2021-11-18 03:42:37 By : Mr. Martin Chen

Questo articolo è la sintesi di un testo più ampio pubblicato nel prossimo numero de 'La Civiltà Cattolica' (4112).

Dialogando con i fisici, è probabile che dichiarino di credere nella bellezza delle leggi della natura. Va inoltre riconosciuto che la passione per il bello e la ricerca dell'armonia fanno parte dell'essenza stessa dell'uomo. Ma, dopo queste prime osservazioni, possiamo evidenziare due aspetti. La prima: un 'atto di fede' - come quello nella bellezza delle leggi naturali - non è esattamente ciò che uno scienziato dovrebbe evitare nella ricerca? La seconda, che è consequenziale alla prima: la passione per l'armonia potrebbe distorcere l'oggettività e provocare distorsioni cognitive, dalle quali il discorso scientifico dovrebbe essere libero. Lasciando per un momento in sospeso questo discorso, potremmo chiederci chi è il più grande poeta di lingua inglese di tutti i tempi (i poeti sono annoverati tra gli esseri umani che cercano spasmodicamente la bellezza): William Shakespeare, o Samuel Taylor Coleridge, o George Gordon Byron. ?

Questa domanda molto probabilmente non avrà mai una risposta unica e soddisfacente. Questa potrebbe essere una domanda irrisolvibile. Tuttavia, per Graham Farmelo, il più grande poeta anglofono di sempre è stato Paul Adrien Maurice Dirac. Fu un fisico teorico inglese, che ricevette il Premio Nobel insieme a Erwin Schrödinger nel 1933 "per la scoperta di nuove forme di teoria atomica", che in seguito confluirono nella meccanica quantistica. Forse Farmelo non gode del rigore umanistico e letterario per discernere quale sia "il più grande tra i poeti anglofoni". O, più ragionevolmente, la sua affermazione vuole essere eminentemente provocatoria e rappresentare un invito a riflettere sia sulle somiglianze tra fisica e poesia - e sul fatto che esse hanno bisogno l'una dell'altra - sia su come il potere sottile della bellezza si manifesta in entrambi . campi.

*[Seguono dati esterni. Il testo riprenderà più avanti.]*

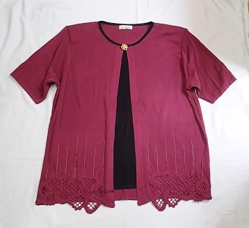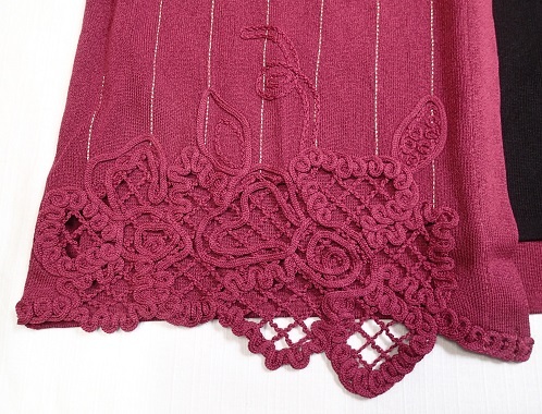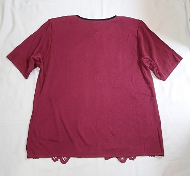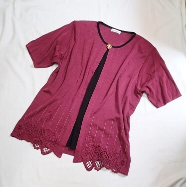 ◆Le Fannous/裾リボン刺繍入り デザイントップス 半袖ニット ゆったり/ボルドー
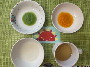 (写真は後期食です。月齢によって形、固さ、盛り付け量を変えて提供しています。)
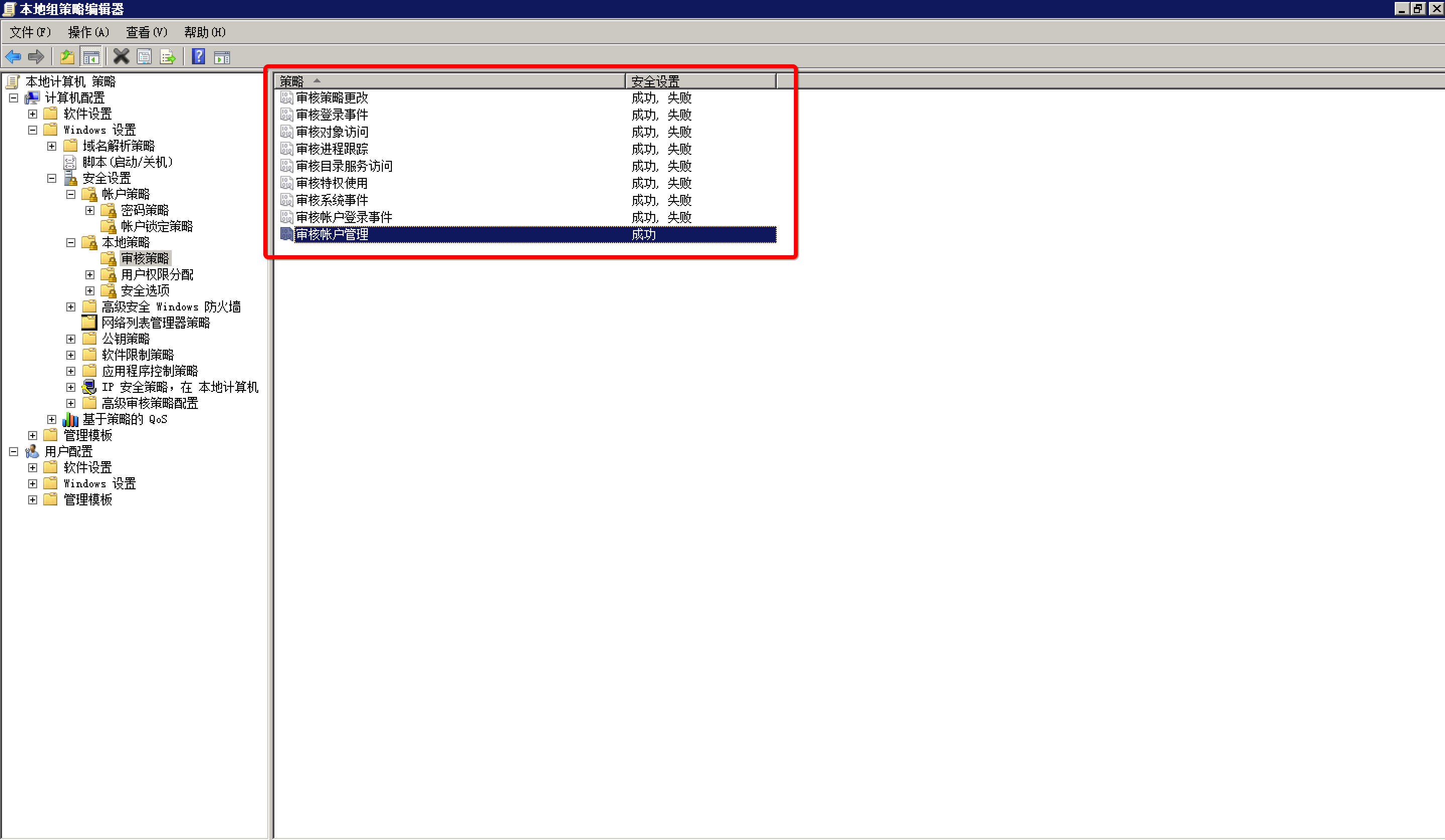 启用本地安全策略中对 Windows 系统的审核帐户管理,成功和失败操作都要审核。
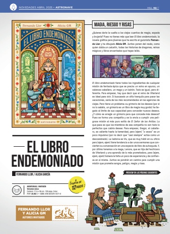 MAGIA, RIESGO Y RISAS%u00bfQuieres darle la vuelta a los viejos cuentos de magia, espada y brujer%u00eda? Pues no tienes m%u00e1s que leer El libro endemoniado, la novela gr%u00e1fica para j%u00f3venes que ha escrito el guionista Fernando Llor y ha dibujado Alicia GM. Juntos ponen del rev%u00e9s, como quien dobla un calcet%u00edn, todas las historias de dragones, reinos m%u00e1gicos y libros encantados que hayas le%u00eddo.El libro endemoniado tiene todos los ingredientes de cualquier misi%u00f3n de fantas%u00eda %u00e9pica que se precie: un reino en apuros, un valeroso caballero, un mago y un ladr%u00f3n. Todo es igual, pero diferente. Para empezar, hay que decir que el reino de Viterland es ideal para vivir. Si buscaseis un sitio tranquilo para pasar las vacaciones, ser%u00eda de los m%u00e1s recomendados en las agencias de viajes. Pero tiene un problema: su grimorio de los deseos (por si no lo sab%u00e9is, un grimorio es un libro de magia muy gordo) ha llegado al l%u00edmite de sus capacidad para conceder nuevos deseos. %u00bfY c%u00f3mo se arregla un grimorio para que conceda m%u00e1s deseos? Pues se forma una compa%u00f1%u00eda y se la env%u00eda a cumplir una peligrosa misi%u00f3n al m%u00e1s puro estilo de El Se%u00f1or de los Anillos. Lo que pasa es que los miembros de esa compa%u00f1%u00eda no son todo lo perfectos que cabr%u00eda desear. Para empezar, Gregor, el caballero, es valiente hasta la temeridad, pero (ejem) %u201ca veces%u201d es un poco impulsivo (por no decir que %u201ccasi siempre%u201d act%u00faa como un descerebrado). La ladrona es Viv, que es muy h%u00e1bil en su oficio pero (ejem, ejem) tiene tendencia a dar unos sermones que convierten su conversaci%u00f3n en una especie de libro de autoayuda. Y, por %u00faltimo tenemos a la maga, Lenore, que es hija del hechicero de Viterland y una aprendiz de lo m%u00e1s prometedora, pero (ejem, ejem, ejem) todav%u00eda le falta un poco de experiencia y de confianza en s%u00ed misma. Juntos se pondr%u00e1n en camino para cumplir una misi%u00f3n que promete sangre, peligro, magia y risas.FERNANDO LLOR / ALICIA GARC%u00cdAEL LIBROENDEMONIADOPREVIEW EN LAS P%u00c1GINAS SIGUIENTESAVENTURAS / FANTAS%u00cdAVolumen %u00fanicoCarton%u00e9. 17,5 x 26 cm. 120 p%u00e1gs. Color PVP: 22,95 %u20ac %u2022 ISBN: 978-84-679-7571-0A PARTIR DE12 A%u00d1OS AUTORES INVITADOSFERNANDO LLORY ALICIA GMNOVEDADES ABRIL 2025 %u2022 ASTRONAVE P%u00c1G. 113 //
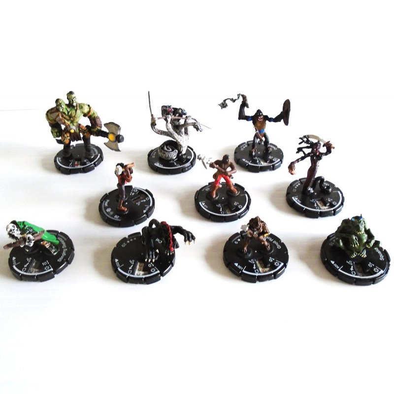 Offered in this listing are a quantity of 10 fighter figurines. All are standing on a base that is a dial with numbers. I'm not sure if they are for Dungeons and Dragons, Mage Knight, or if they are part of the Warhammer game. They are all marked on the bottom Wizkids. 8 have a date of 2002 and 2 have a date of 2003. Of the 2 that are dated 2003, one also says #077 Dagon, and the other says #079 Pearl. All 10 figurines stand between one to two inches tall. They have been painted, or partially painted. They are plastic.
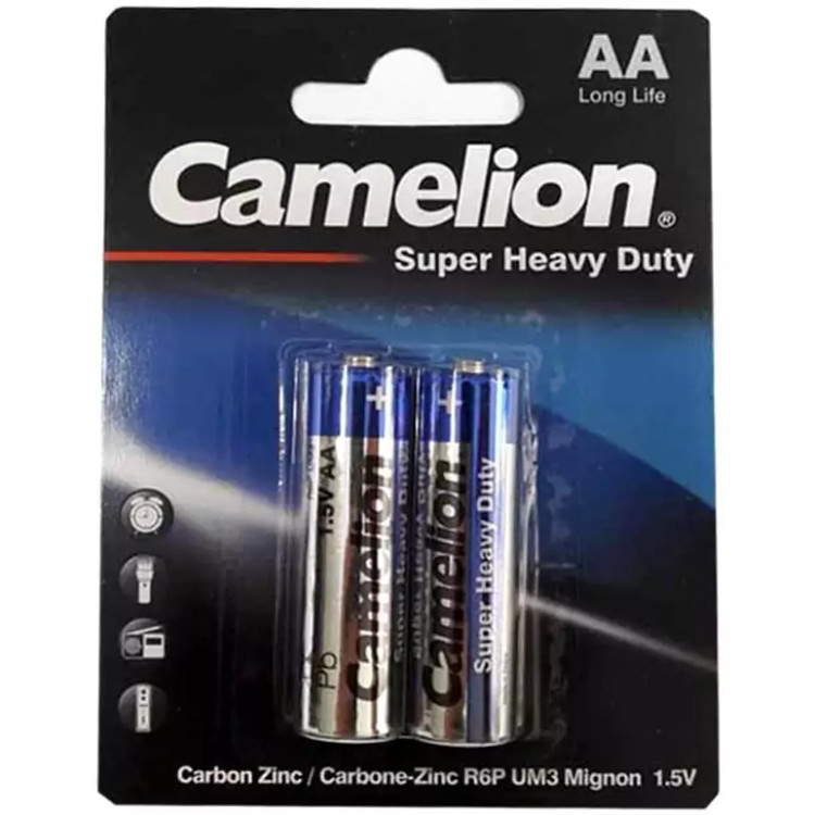 باتری قلمی کملیون AA مدل Super Heavy Duty بسته 2 عددی با ماندگاری و عمر طولانی، تولید شده بدون استفاده از مواد سمی کادمیوم و جیوه، ولتاژ باتری 1.5V مستقیم DC قابل استفاده در انواع وسایل الکترونیکی و.. تعداد باتری در پک: 2 عدد باتری نیم قلمی سایز AA مناسب انواع ساعت، ریموت کنترل، دوربین، موزیک پلیر و... میزان استفاده از مواد سمی کادمیوم و جیوه : 0%
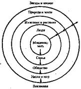 [Надписи (сверху — вниз): Звезды и космос, Природа и земля, Животные и растения, Люди, Младенец — мать, Семья, Общество, Нация и мир, Вселенная.]
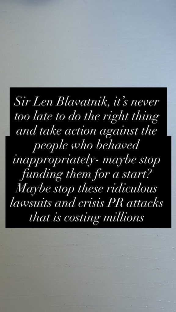 Sir Len Blavatnik, it’s never too late to do the right thing and take action against the people who behaved inappropriately- maybe stop funding them for a start? Maybe stop these ridiculous lawsuits and crisis PR attacks that is costing millions.
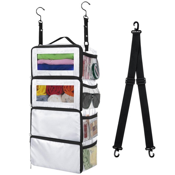 Suitcase Organizer, Carry on Closet Luggage Organizers Accessories for Travel, Foldable and Hangable Portable Hanging Travel Shelves with a Shoulder Strap to Use As a Travel Backpack Small, White

In questo articolo considereremo come la conoscenza scientifica - simile al discorso poetico - faccia largo uso del linguaggio analogico, e come sia la scienza che la poesia tendano - seppur a livelli diversi - a sintetizzare i propri concetti, preferendo una narrazione sintetica a quella lunga e eccessivamente descrittiva descrizioni; ma soprattutto vedremo come poesia e fisica abbiano un occhio di riguardo per il gusto estetico, sia pure con le dovute differenze. Agli occhi del fisico la natura si esprime e, paradossalmente, lo fa attraverso un silenzio forte e chiaro; e allo stesso tempo è semplicemente 'bello'. Ma il gusto per il bello tra i fisici non è condiviso in modo uniforme, così come non è condivisa universalmente la passione letteraria. Il suddetto Dirac affermava di non comprendere affatto la poesia e di non comprendere come alcuni suoi illustri colleghi - tra cui Robert Oppenheimer - potessero scrivere sonetti. Arrivò persino a sostenere di non capire «come un uomo possa lavorare alle frontiere della fisica e allo stesso tempo comporre poesie. Le due cose si contraddicono. In fisica, intendiamo qualcosa che nessuno conosceva prima in termini che tutti possono capire. In poesia si è costretti a dire cose che già tutti sanno in termini che nessuno capisce». Questa è certamente un'affermazione icastica.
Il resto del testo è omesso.